The lung is an HA-rich structure, and even more so when there is inflammation [40,16]. A serious drawback to our hypothesis, that hyaluronidase can be a therapeutic measure for the treatment of ARDS, is that it may make the condition even worse. Administered enzyme could fragment existing HA-rich structures of the lung, and thus intensify disease. Endogenous HA and its HA fragment degradation products would flood the lung. Small HA polymers are highly angiogenic, inflammatory, and immune-stimulatory [41,42]. HA fragments are themselves not only intrinsically inflammatory, but also induce inflammatory cytokine expression [43,44]. It is conceivable that the hyaluronidase enzyme treatment may intensify rather than abate the inflammatory reaction. Thus there may be serious consequences of hyaluronidase administration. This is a situation that would be readily apparent in the porcine model using the Mendelson syndrome. Titration of the volume of the HCl solution administered in the pig model may be able to reproduce the three levels of severity of ARDS: mild, moderate and severe. The levels of hyaluronidase aerosol provided could perhaps be modulated to maximize clinical response and also to avoid potential adverse reactions.
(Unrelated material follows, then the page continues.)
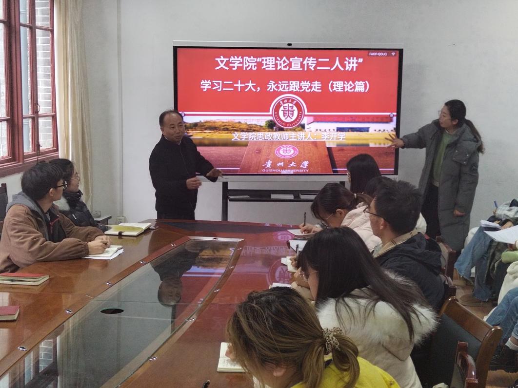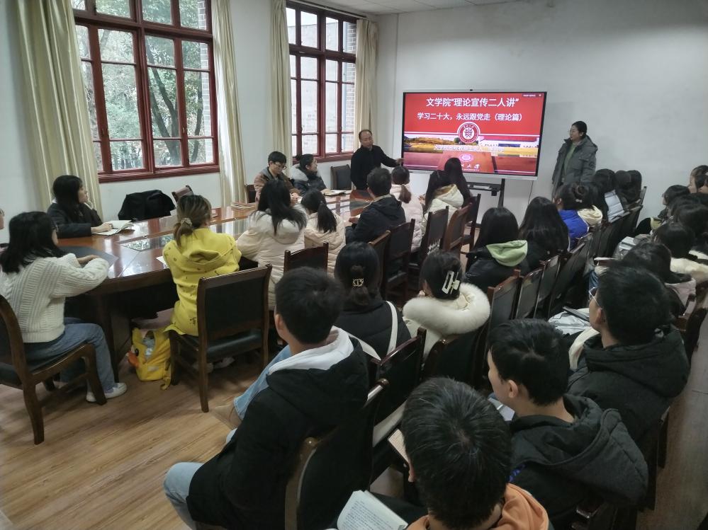 根据校党委2023年9月8日印发的《关于在全校开展新时代党的创新理论“理论宣传二人讲”宣讲的通知》,为促进我院学子深入了解新时代党的创新理论,文学院思政课教师主讲人李开学和学生主讲人袁艺于2023年12月21日在人文楼204会议室,面向汉语2101班全体同学进行理论宣讲。

It is postulated that the hyaline membranes in patients with ARDS are HA-rich structures. This is an insoluble complex of HA together with plasma HA-binding proteins that adhere to inflamed alveoli preventing oxygen exchange. A recombinant form of the human hyaluronidase enzyme PH20 can be administered as an aerosol to ARDS patients. This will degrade hyaline membranes in these damaged lungs and increase survival of such patients. It may become the first effective treatment modality in several decades for ARDS in adults and may also be effective for NRDS in premature infants. A porcine model for ARDS, employing bronchial delivery of 0.1 M HCl to the lungs, makes it possible to test this hypothesis.